The upstream area is computed by routing down slope with the fraction of the
area being routed to the next downstream pixel being proportional to the
gradient times the contour length. 

The local value of the gradient is computed using the average of a
subset of between pixel gradients. For a normal 'hill slope' cell these are the
gradients to downslope pixels weighted by contour length. In the case of
pixels which contain river channels the average of the gradients from upslope
pixels weighted by contour length us used.

These properties are computed in an algorithm that passes over
the data once in descending height. It is called as follows

```{r, calc_atb}
ctch$compute_properties()
```

The plot of the topographic index shows a pattern of increasing values closer
to the river channels

```{r, plot_atb}
## plot of topographic index (log(a/tan b))
ctch$plot_layer('atb')
```

## Adding additional layer

Properties may come in additional GIS layers. To demonstrate the addition of an
additional layer we will extract the filled dem

```{r ,extract_filled}
tmp <- ctch$get_layer("filled_dem")
```

then separate it into a layers representing land above and below 500m.

```{r height layer}
tmp <- terra::classify( tmp,
                       matrix(c(0,500,NA,
                                500,1000,-999),
                              ncol=3, byrow=TRUE))
```

The resulting raster object can now be written to a file

```{r, write_height_layer}
terra::writeRaster(tmp,file.path(demo_dir,"greater_500.tif"))
```
which is added to the meta data with
```{r, add_height_layer}
ctch$add_layer("greater_500",file.path(demo_dir,"greater_500.tif"))
ctch$get_layer()
```

# Flow distances and ordering

Since `dynatop` simulations make use of ordered HRUs to work downslope, a
metric is required to order the downslope
sequencing.
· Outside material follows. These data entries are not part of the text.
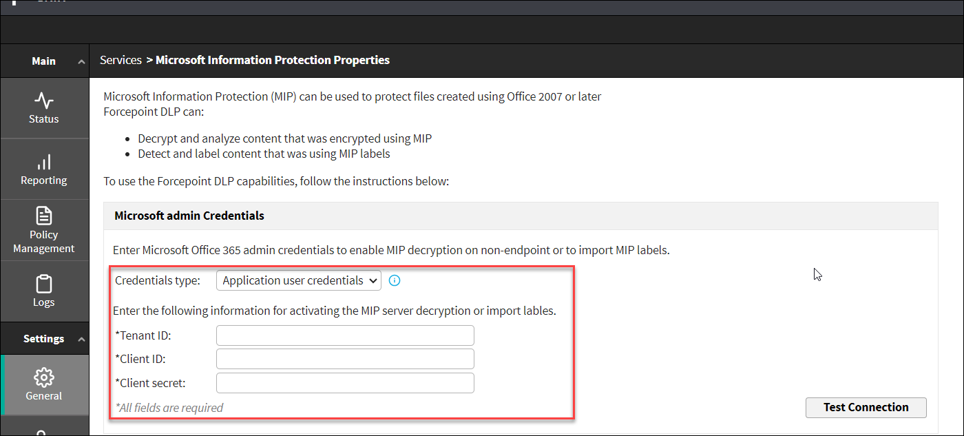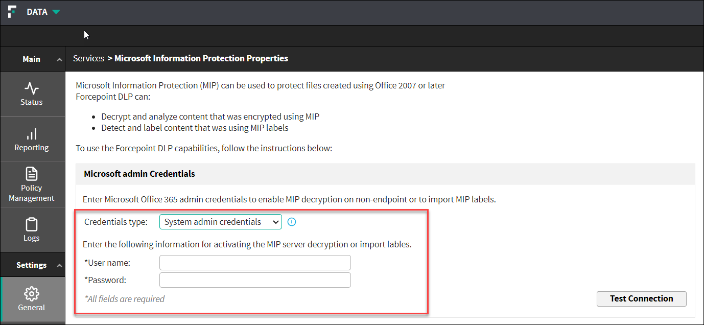 - System admin credentials - This option is used for importing the MIP labels only. This information is not stored on the Forcepoint servers.
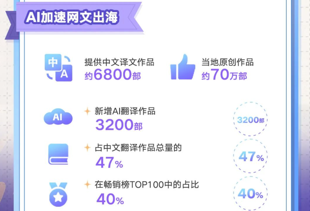 同时,AI也在加速阅文的IP全球化进程。2024年,海外阅读平台WebNovel新增AI翻译作品3200多部,占中文翻译作品总量的47%,在畅销榜Top 100中的占比约40%。AI让WebNovel覆盖的语种更加丰富,包括西班牙语、葡萄牙语、德语、法语、印尼语、日语等,2024年AI翻译的非英语作品收入增长超过350%。截至2024年12月31日,WebNovel向海外用户提供约6800部中文翻译作品和约70万部当地原创作品。
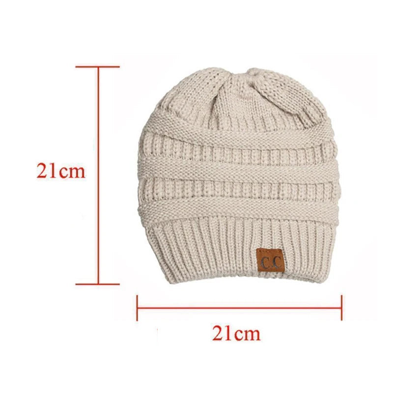 "Mjukstickad hästsvansmössa för kvinnor, akryl, med hästsvanshål, i flera färger, idealisk för vinter och casual stil."
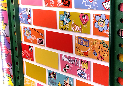 はい。スニーカーやTシャツ、スケボー、お花、お菓子など。演出サイドからの要望もありますが、あとは装飾スタッフとあれこれ話しながら集めました。番組としてのメインの色が15種類もあるので、同色のグラデーションというよりはそれぞれの色をどう配置するかを意識して飾っています。他にもロゴやキャラクターの着ているシャツなどに、青山さんならではの文字が入っているんです。昼四郎の胸に「ノーマヨ、ノーライフ」とか。そこに引っかけてマヨネーズに名前を書いてボトルキープにしてみたり。細かい遊びをいろんなところでやってます。
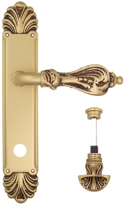 Дверная ручка Venezia \"FLORENCE\" WC-4 на планке PL87 французское золото + коричневый
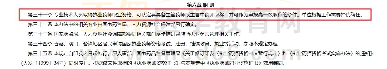 文中第31條執(zhí)業(yè)藥師職業(yè)資格制度規(guī)定表示:專業(yè)技術(shù)人員取得執(zhí)業(yè)藥師職業(yè)資格,可認(rèn)定其具備主管藥師或主管中藥師職稱,并可作為申報(bào)高一級職稱的條件。單位根據(jù)工作需要擇優(yōu)聘任。

The calculation of four such metrics is supported

- *shortest flow length* - the shortest length based on the pixel flow paths
to a channel
- *Dominant flow length* - the distance to a channel moving in the dominant
(largest fraction) flow direction from any grid cell
- *Expected flow length* - the distance to the channel based on a weighted
average of the downslope flow lengths. Weights are given by the fraction of
flow in each direction.
- *Band* - A strict computational order, starting at the channel arranged such
that if all pixels in band $i+1,i+2,\ldots$ are evaluated the inflows to band
$i$ are known.

The computation is initiated with
```{r, flow_length}
ctch$compute_flow_lengths()
```

The additional layers can be examined as expected
```{r, flow_length_plot}
ctch$get_layer()
ctch$plot_layer("band")
```

# Classifying into Hydrological Response Units

Methods are provided for the classification of the catchment areas of similar
 hydrological response. The classifications generated in this process are
 augmented with a further distance based separation when generating a
 `dynatop` model (see following section).

By definition each channel length is treated as belonging to a single class. 

To classify the hillslope two methods can be used.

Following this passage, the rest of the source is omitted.